**Assignment:** Beginning with the line containing "Какие из указанных" and ending with the line containing "Fig. 6. Cross-hematological", write out each line of the records below exactly; pictures and lines outside that range are left out.

**Provided data:**
########
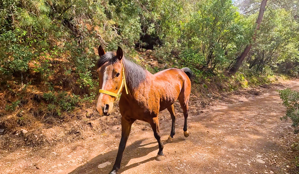Çok güzel bir orman yoluna girdim. Buradan böyle sessiz sessiz sakin sakin kuş seslerini dinleyerek yürüdüm. Faralya’ya yaklaşırken yanımdan iki at geçti. Biriyle göz göze geldim. Atları çok seviyorum ama büyüklükleri beni ürkütüyor, korktum biraz. Ama yine de atla göz göze geldiğim o an inanılmazdı, tam gözümün içine baktı. Teşekkürler bu an için.
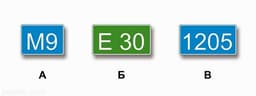Какие из указанных знаков используются для обозначения номера, присвоенного дороге (маршруту)?
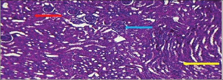 Fig. 6. Cross-hematological sections of kidney hamsters aged 2 weeks showing cortex parenchyma tissue (red arrow) and renal corpuscle (blue arrow) collected tubules (yellow arrow). 10x. H&E.
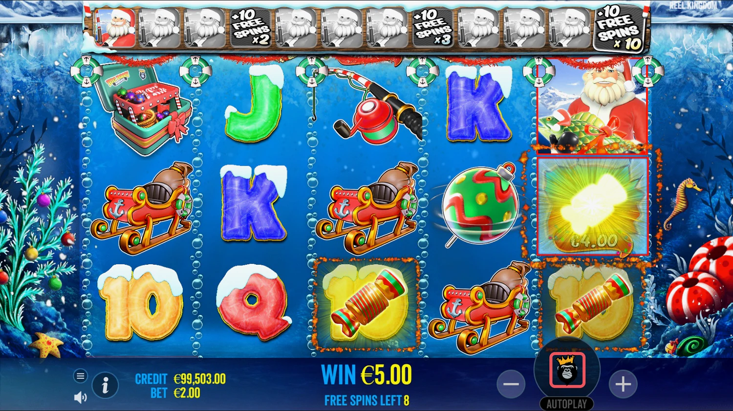- Санки Санта Клауса — увеличивает призовой множитель до х50.
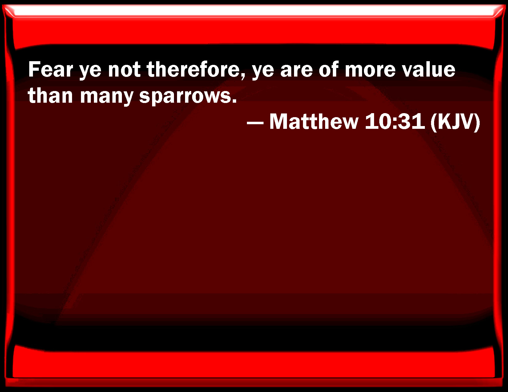 Matthew 10:31 Fear you not therefore, you are of more value than many sparrows.
########
**The completed task:**
Какие из указанных знаков используются для обозначения номера, присвоенного дороге (маршруту)?
 Fig. 6. Cross-hematological sections of kidney hamsters aged 2 weeks showing cortex parenchyma tissue (red arrow) and renal corpuscle (blue arrow) collected tubules (yellow arrow). 10x. H&E.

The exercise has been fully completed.